The reserves stood at $35.98 billion, down from $36.11 billion a day ago, according to data from Bangladesh Bank.
The country's reserves stood at $46.19 billion on October 19 last year.
The reserves have been decreasing even though Bangladesh Bank has been repeatedly injecting US dollars into the market for the last couple of months to help businesses clear their import bills.
The central bank has so far injected more than $4.57 billion into the market this fiscal year after supplying a record $7.62 billion in the last fiscal year.
Imports surged to $12.7 billion in the first two months of this fiscal year, up 17 per cent from a year prior.
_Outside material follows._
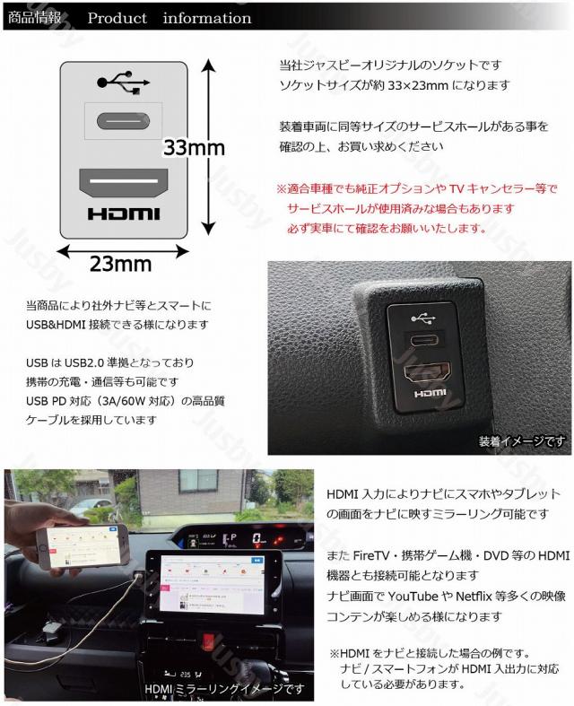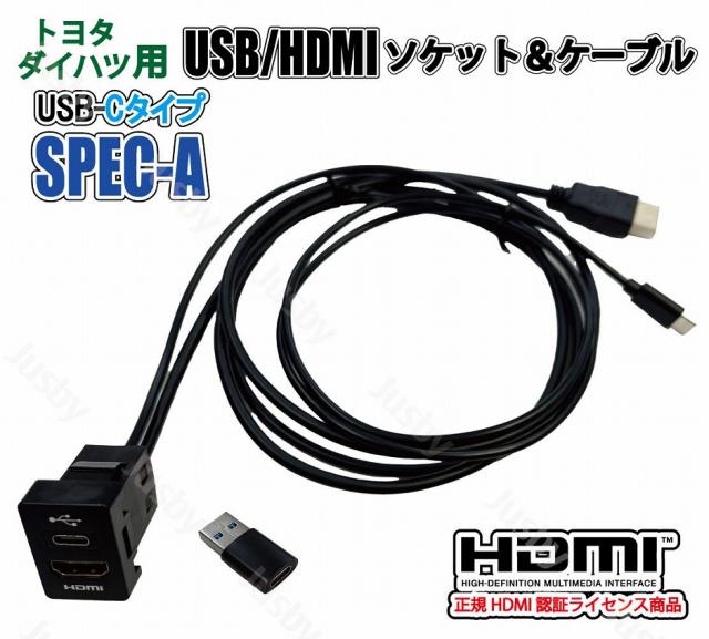トヨタ ダイハツ USB HDMI ソケット USB タイプC SPEC A (33×23mm) アダプタ スペアスイッチホール カーナビとの接続 ミラーリング HDMI入力 USB TypeC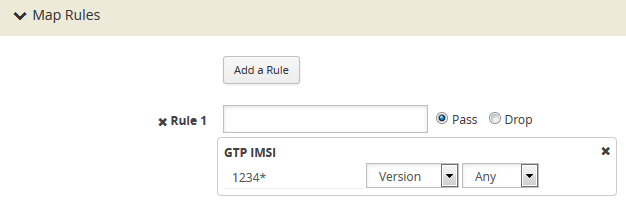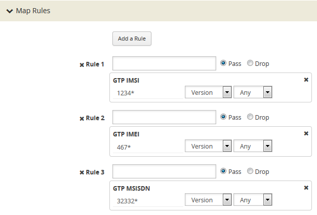 For example, in a GTP session, if an IMSI matches the first rule in map1 and an IMEI matches the second rule in map1, because the drop rule has higher priority, the packet will be dropped:

Meanwhile, exports grew 24 per cent to $8.13 billion and remittance flow rose 12.25 per cent to $4.13 billion.
A high official of a commercial bank said remittances have declined in recent periods, putting extra pressure on the reserves.
The taka has been rendered one of the worst-performing currencies in South Asia in the last one year because of the country's plummeting foreign exchange reserves.
The exchange rate of the taka stood at Tk 105 per dollar on October 19, down 22.6 per cent from a year ago.
Only two other currencies – the Sri Lankan rupee and Pakistani rupee – performed worse than the taka during the period. The Sri Lankan rupee fell by 79.3 per cent while the Pakistani rupee was down 27.7 per cent, showed central bank data.
The depreciation of the taka has already reduced the number of letters of credit (LCs) being opened, which will have a positive impact in curbing the depletion of foreign exchange reserves in the coming days.
The number of LCs opened amounted to $12.4 billion in the first two months of the ongoing fiscal year in contrast to $12.3 billion in fiscal 2021-22.
At a press briefing yesterday, the Centre for Policy Dialogue said the central bank should prevent the forex reserve from falling further, "particularly in view of the recent debate regarding the estimation methodology and pursue a floating exchange rate policy".